IEEE Trans Image Process. 2016 Jun;25(6):2856-2865. doi: 10.1109/TIP.2016.2556940. Epub 2016 Apr 20.
This paper addresses the problem of recognizing human actions from RGB-D videos. A discriminative relational feature learning method is proposed for fusing heterogeneous RGB and depth modalities, and classifying the actions in RGB-D sequences. Our method factorizes the feature matrix of each modality, and enforces the same semantics for them in order to learn shared features from multimodal data. This allows us to capture the complex correlations between the two modalities. To improve the discriminative power of the relational features, we introduce a hinge loss to measure the classification accuracy when the features are employed for classification. This essentially performs supervised factorization, and learns discriminative features that are optimized for classification. We formulate the recognition task within a maximum margin framework, and solve the formulation using a coordinate descent algorithm. The proposed method is extensively evaluated on two public RGB-D action data sets. We demonstrate that the proposed method can learn extremely low-dimensional features with superior discriminative power, and outperforms the state-of-the-art methods. It also achieves high performance when one modality is missing in testing or training.

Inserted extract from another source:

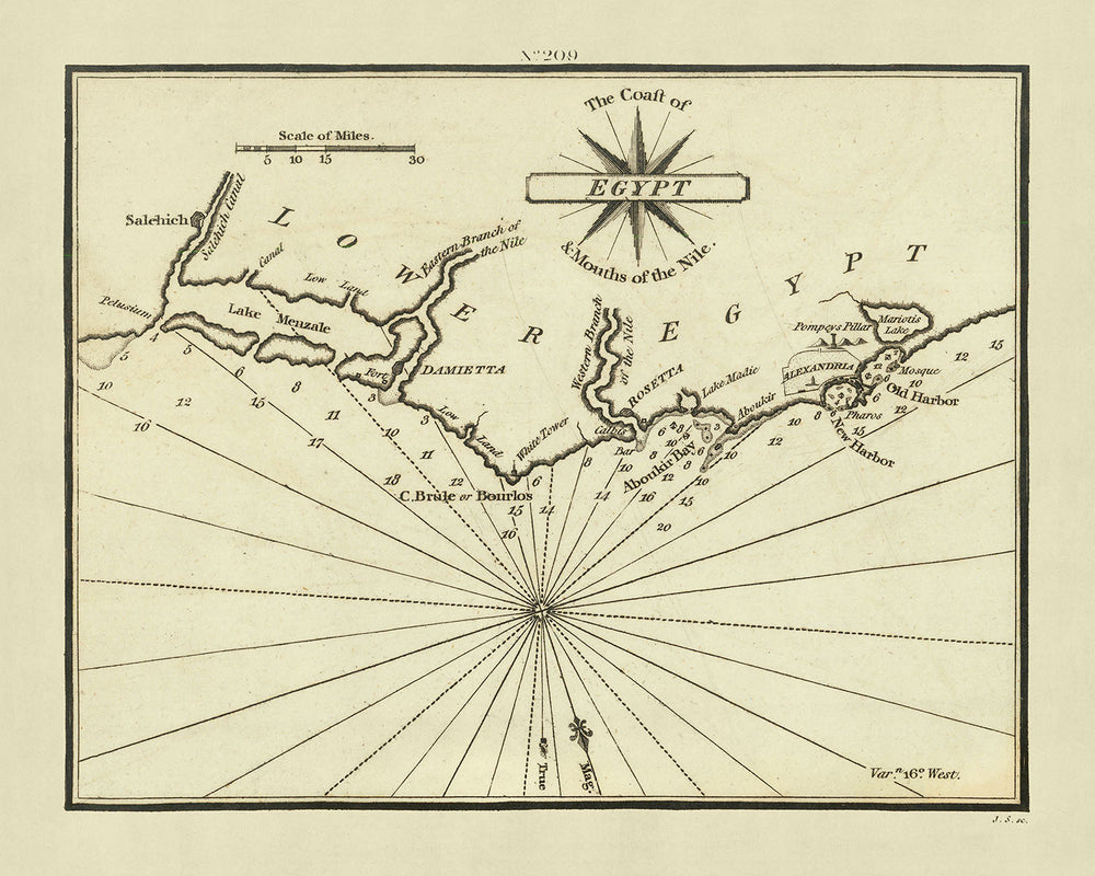 Poseer "La Costa de Egipto y las Boccas del Nilo" es como poseer un pedazo de historia. Proporciona una perspectiva única sobre el paisaje geográfico y cultural de Egipto a principios de 1800, reflejada a través de la lente de los intereses navales británicos y la experiencia cartográfica. Este mapa no es solo una ayuda de navegación, sino un documento histórico que ofrece información sobre la importancia geopolítica de las regiones costeras de Egipto durante una era crucial en la historia tanto egipcia como mundial.

本文探讨了从RGB-D视频中识别人类动作的问题。提出了一种判别性关系特征学习方法,用于融合异构的RGB和深度模态,并对RGB-D序列中的动作进行分类。我们的方法对每个模态的特征矩阵进行分解,并强制它们具有相同的语义,以便从多模态数据中学习共享特征。这使我们能够捕捉两种模态之间的复杂相关性。为了提高关系特征的判别能力,我们引入了一个铰链损失来衡量当特征用于分类时的分类准确率。这本质上执行了监督分解,并学习了针对分类进行优化的判别特征。我们在最大间隔框架内制定识别任务,并使用坐标下降算法求解该公式。所提出的方法在两个公共RGB-D动作数据集上进行了广泛评估。我们证明,所提出的方法可以学习具有卓越判别能力的极低维特征,并且优于现有方法。当测试或训练中缺少一种模态时,它也能实现高性能。